▶ Task objective:
Print the records below exactly, from the line containing "Personenbezogene Daten auf" down to the line containing "高手进阶:刺绣、拼贴自带街拍", both lines included, and omit every picture.

▶ Extracted information:

○ ○ ○

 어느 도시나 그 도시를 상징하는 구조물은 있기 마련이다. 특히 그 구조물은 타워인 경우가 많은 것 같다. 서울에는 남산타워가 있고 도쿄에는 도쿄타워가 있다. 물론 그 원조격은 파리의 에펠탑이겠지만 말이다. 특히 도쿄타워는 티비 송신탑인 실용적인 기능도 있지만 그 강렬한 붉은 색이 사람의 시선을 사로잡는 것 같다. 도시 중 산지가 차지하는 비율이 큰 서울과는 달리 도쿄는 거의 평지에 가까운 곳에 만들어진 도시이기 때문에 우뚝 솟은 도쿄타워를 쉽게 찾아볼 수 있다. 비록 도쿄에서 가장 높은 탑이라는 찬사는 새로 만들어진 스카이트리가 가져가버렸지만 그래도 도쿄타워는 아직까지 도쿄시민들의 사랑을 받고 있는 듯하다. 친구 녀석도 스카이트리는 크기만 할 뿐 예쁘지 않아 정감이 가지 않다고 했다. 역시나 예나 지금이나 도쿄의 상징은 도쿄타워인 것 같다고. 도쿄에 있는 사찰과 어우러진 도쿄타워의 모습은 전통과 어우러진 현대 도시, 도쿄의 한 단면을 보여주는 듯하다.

○ ○ ○

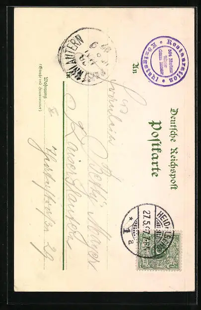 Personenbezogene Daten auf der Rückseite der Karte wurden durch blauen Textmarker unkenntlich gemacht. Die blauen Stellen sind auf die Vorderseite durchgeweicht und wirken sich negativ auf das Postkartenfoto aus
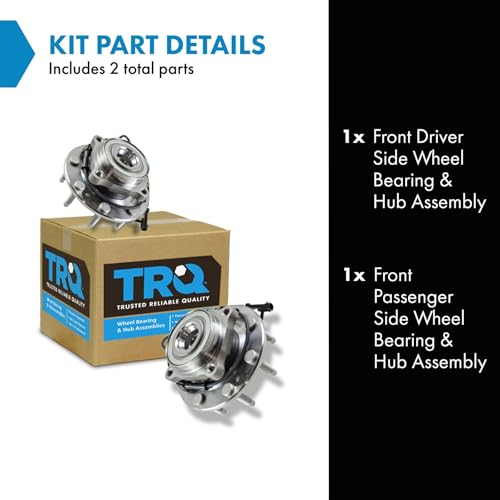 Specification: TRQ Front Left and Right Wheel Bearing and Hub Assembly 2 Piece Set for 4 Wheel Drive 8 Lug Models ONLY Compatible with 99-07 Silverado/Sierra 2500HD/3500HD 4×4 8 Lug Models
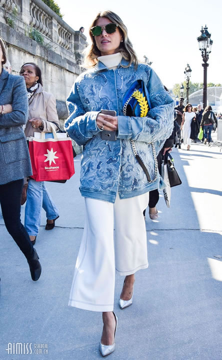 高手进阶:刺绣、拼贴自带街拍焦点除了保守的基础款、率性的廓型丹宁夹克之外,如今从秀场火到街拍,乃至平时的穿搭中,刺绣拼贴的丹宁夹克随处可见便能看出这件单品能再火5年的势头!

○ ○ ○

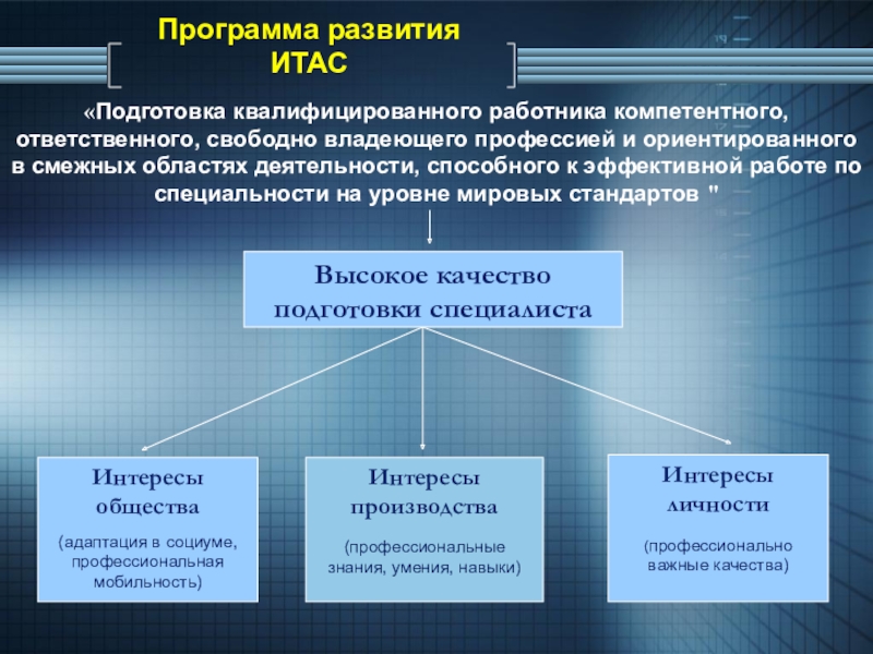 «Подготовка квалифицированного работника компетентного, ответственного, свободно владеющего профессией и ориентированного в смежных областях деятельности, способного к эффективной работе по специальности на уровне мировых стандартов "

○ ○ ○

▶ Output:
 Personenbezogene Daten auf der Rückseite der Karte wurden durch blauen Textmarker unkenntlich gemacht. Die blauen Stellen sind auf die Vorderseite durchgeweicht und wirken sich negativ auf das Postkartenfoto aus
 Specification: TRQ Front Left and Right Wheel Bearing and Hub Assembly 2 Piece Set for 4 Wheel Drive 8 Lug Models ONLY Compatible with 99-07 Silverado/Sierra 2500HD/3500HD 4×4 8 Lug Models
 高手进阶:刺绣、拼贴自带街拍焦点除了保守的基础款、率性的廓型丹宁夹克之外,如今从秀场火到街拍,乃至平时的穿搭中,刺绣拼贴的丹宁夹克随处可见便能看出这件单品能再火5年的势头!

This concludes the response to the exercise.